Feds Curb Canadian Access to Library on the Border

New Homeland Security rules require separate entry point

April 14, 2025

A black line on the floor inside the Haskell Library indicates the border between the US and Canada. Above the line, a small US flag on the left and Canadian flag on the right sit side-by-side on a bookshelf.
Inside the Haskell Library, a black line on the floor marks the border between the United States and Canada, which patrons from both countries can freely move across. courtesy of Sylvie Boudreau

For more than a century, Canadians have used nothing but a narrow sidewalk to cross their national border into Vermont and enter the Haskell Free Library and Opera House. Inside, a line of black tape on the library’s floor demarcates the US-Canada border, and patrons from both countries can freely move across it. Anyone who lives within a 30-mile radius of the library is eligible for a library card.

US Rep. Natalie M. Blais (D-Mass.), who grew up in nearby Derby Line, Vermont, calls the library her “entryway to other worlds growing up in a really small town.” The line on the floor delineating the border, she says, never seemed particularly important.

“It just wasn’t something that we paid attention to,” Blais says. “Being in the library, it wasn’t important where you came from.”

Now, however, the US Department of Homeland Security (DHS) has announced plans to limit access to the library from the Canadian side of the border. Until October 1, library cardholders coming from Canada can still use the sidewalk to cross. After that, anyone in Canada who wants to use the library’s main entrance must cross at an approved checkpoint or use an entrance on the Canadian side of the library that is about to undergo renovations.

Recognized as a national historic site in Canada, the library is also listed on the US National Register of Historic Places. Since its founding in 1901, the building has become a symbol of international cooperation as well as a community resource for neighbors in Derby Line and in Stanstead, Québec.

Years ago, as a student at Stanstead College—a Québec boarding school that lies less than two miles from the library—Jack Walker marched in Armistice Day parades that led toward the border, into Vermont via the sidewalk, and into the library for speeches and a musical performance.

“Americans would use the library, and Canadians used the library,” Walker says. “We always thought about it as kind of a beacon of neighborly cooperation and participation.”

But since the attacks on the World Trade Center and Pentagon in 2001, the library has faced increasing headwinds from border control, says Sylvie Boudreau, president of the library’s board of trustees.

Those headwinds turned into a gale January 30, when DHS Secretary Kristi Noem visited the library, saying, “USA number one” on the American side before stepping over the line into Canada and saying, “The 51st state.”

An outdoor sign that reads "Canadian entrance" in English and French features a red arrow pointing toward an emergency-exit door to the library.
Until construction of a permanent entrance, parking lot, and access ramps are complete, patrons and staffers coming from Canada are encouraged to use the emergency-exit door on the library’s Canadian side. Photo: Haskell Free Library and Opera House Facebook page

At that point, Boudreau says, “I knew it was a question of time” before the US entrance closed to visitors from Canada.

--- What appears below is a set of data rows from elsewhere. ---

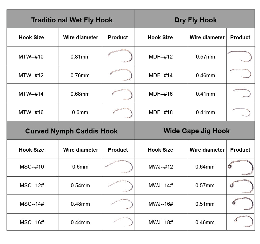 MUUNN produces very high quality fly hooks for all fly fishing techniques. Fly Tying Hooks are the most basic fly tying material for making an effective fishing fly. When choosing the right and quality fly hook, we must consider several very important aspects, which include mainly the type of hook and its size, sharpness of the tip, the presence or absence of a barb, the strength of the wire, which is directly related to its total strength and weight it also includes material of wire of the hook, the color and, for example, its manufacturer, which is often a very decisive factor, which is mainly influenced by the overall quality, fame and, of course, the price of the hook. Also very important is the "mission" or primary purpose of using the hook.
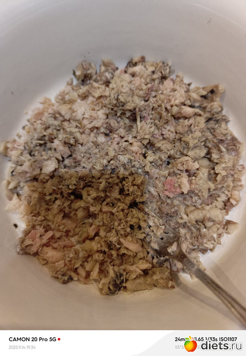 Освободить рыбные консервы от косточек (по желанию) и размять вилкой консервы
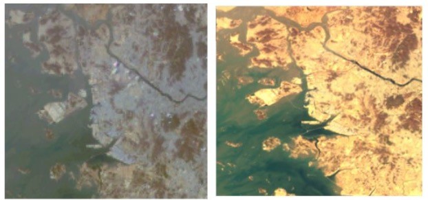 ▲ 왼쪽부터 천리안1호, 천리한 2B호가 촬영한 인천 부근 한반도 모습 (사진=과기정통부) |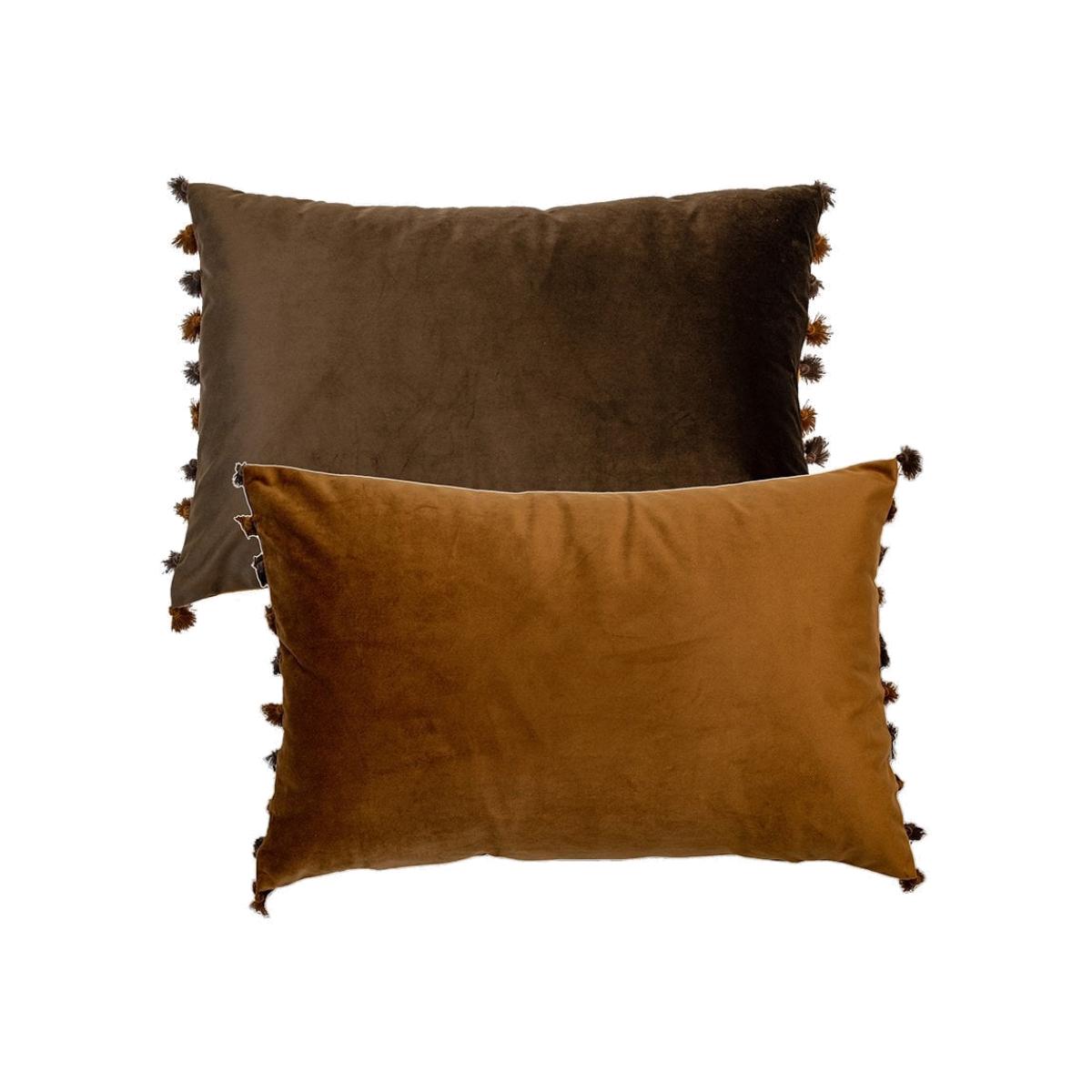 Retro Fringed Velvet Cushion, Coffee Brown & Tan

Increased border enforcement is necessary, DHS argues, to prevent drug traffickers and smugglers from using the library as a site for illegal activity. The department reports that in fiscal year 2024, it recorded 147 apprehensions, one vehicle incursion, and four vehicle seizures surrounding the library.

“We are ending such exploitation by criminals and protecting Americans,” a department official wrote in a March 21 statement.

Boudreau, who worked for years in Canadian customs, says she understands DHS’s concerns. In 2011, for example, two Americans smuggled about 20 guns into the library and stashed them in a bathroom; a Canadian retrieved the weapons and sold them in Québec. Nevertheless, Boudreau is determined to maintain the library’s accessibility on both sides of the border.

For now, Boudreau encourages patrons coming from Canada to use the emergency-exit door on the Canadian side, even though library members will be allowed to walk along the sidewalk to the main entrance for a few more months. Library staffers who live in Canada are doing the same.

“We don’t want them to have any problems” such as being arrested or fined, Boudreau says.

To address the issue in the long term, the library’s Canadian side is being renovated to include a permanent entrance, parking lot, and access ramps. Boudreau’s goal is to finish the renovations by July—and, powered by community donations, she may be able to. Individual contributions, a GoFundMe, and a CanadaHelps fundraising page have already brought in more than $200,000.

Best-selling Canadian author Louise Penny, who writes the popular Armand Gamache mysteries, has visited and held events at the Haskell for years. In fact, several scenes in her next book are set at the library.

The author argues that libraries and learning institutions, which she calls “conduit[s] for a dissenting voice,” are often early targets of “tyrants.” She hopes that the changes at the library will serve as a wake-up call to “how vulnerable these institutions are.”

“If they can do it to the Kennedy Center,” Penny says, “can you imagine what they can do to the Haskell?”